Work required. Repeat only the lines from the one containing "Naklejka na ścianę" to the final line below, exactly as they read, and leave every picture out.

Dataset excerpt.
==========

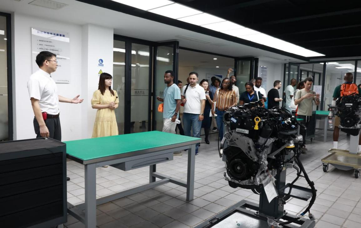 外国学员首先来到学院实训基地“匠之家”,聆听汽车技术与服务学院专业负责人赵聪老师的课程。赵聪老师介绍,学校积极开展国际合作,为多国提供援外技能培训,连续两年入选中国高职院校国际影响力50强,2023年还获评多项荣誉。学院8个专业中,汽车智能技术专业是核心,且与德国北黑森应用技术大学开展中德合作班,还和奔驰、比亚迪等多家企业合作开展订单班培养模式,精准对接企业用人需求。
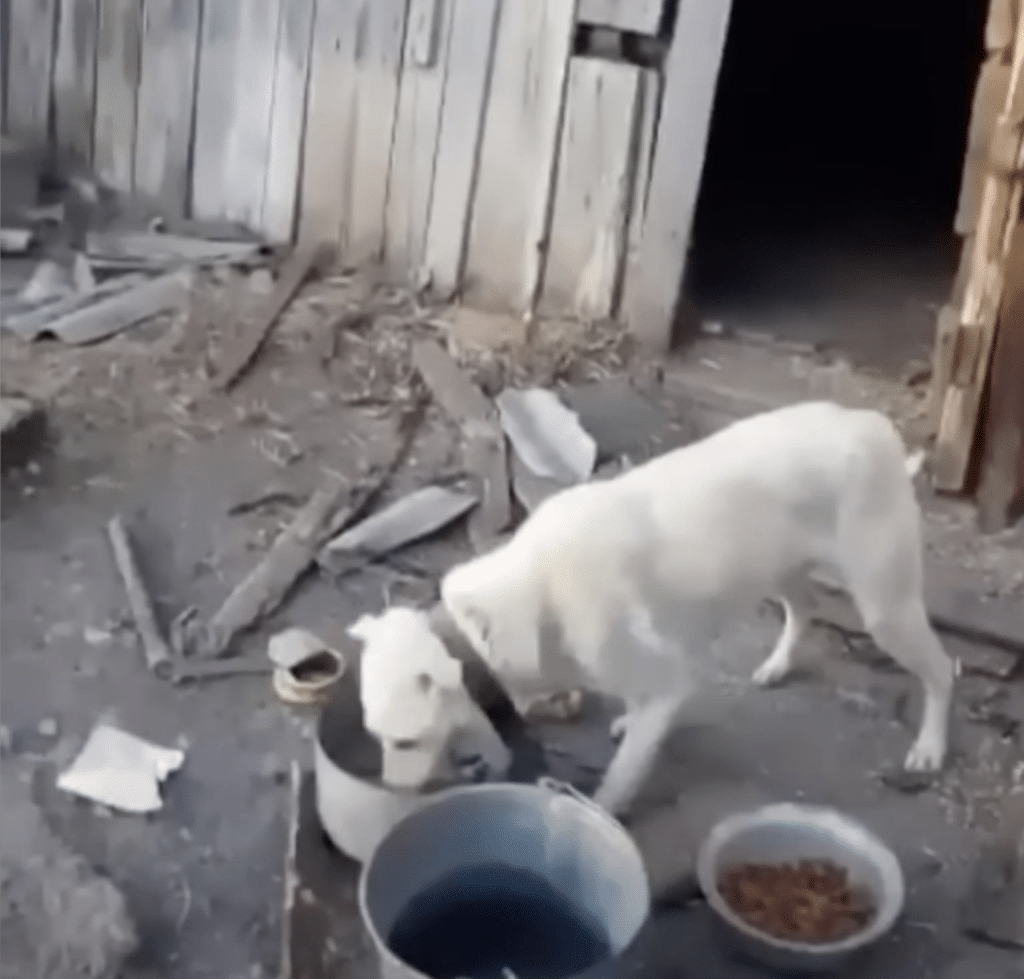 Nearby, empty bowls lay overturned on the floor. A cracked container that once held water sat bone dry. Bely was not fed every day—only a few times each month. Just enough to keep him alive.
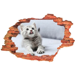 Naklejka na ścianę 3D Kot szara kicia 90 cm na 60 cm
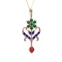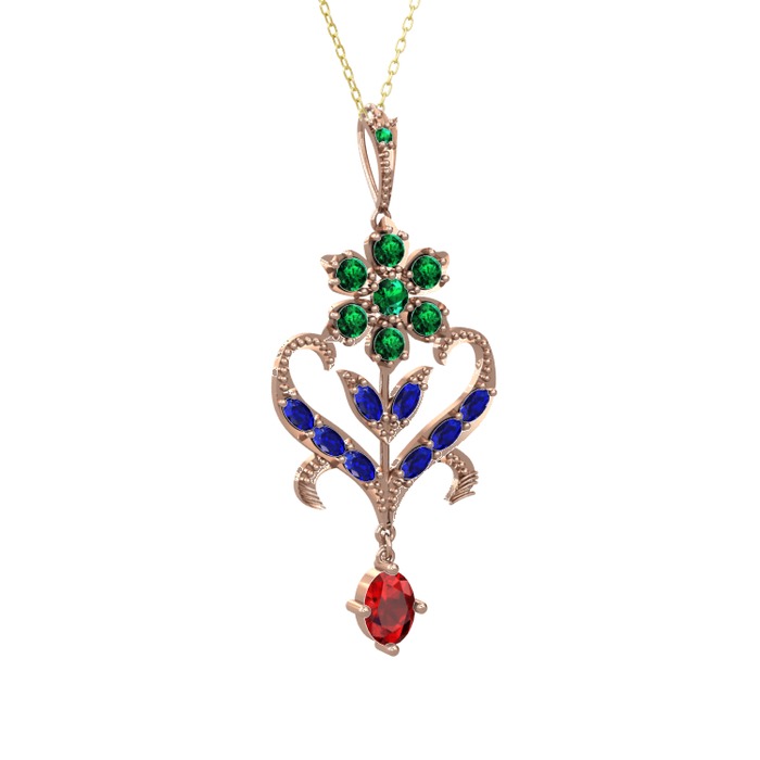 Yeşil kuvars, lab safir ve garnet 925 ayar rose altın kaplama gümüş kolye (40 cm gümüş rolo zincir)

==========

Response.
 Naklejka na ścianę 3D Kot szara kicia 90 cm na 60 cm
 Yeşil kuvars, lab safir ve garnet 925 ayar rose altın kaplama gümüş kolye (40 cm gümüş rolo zincir)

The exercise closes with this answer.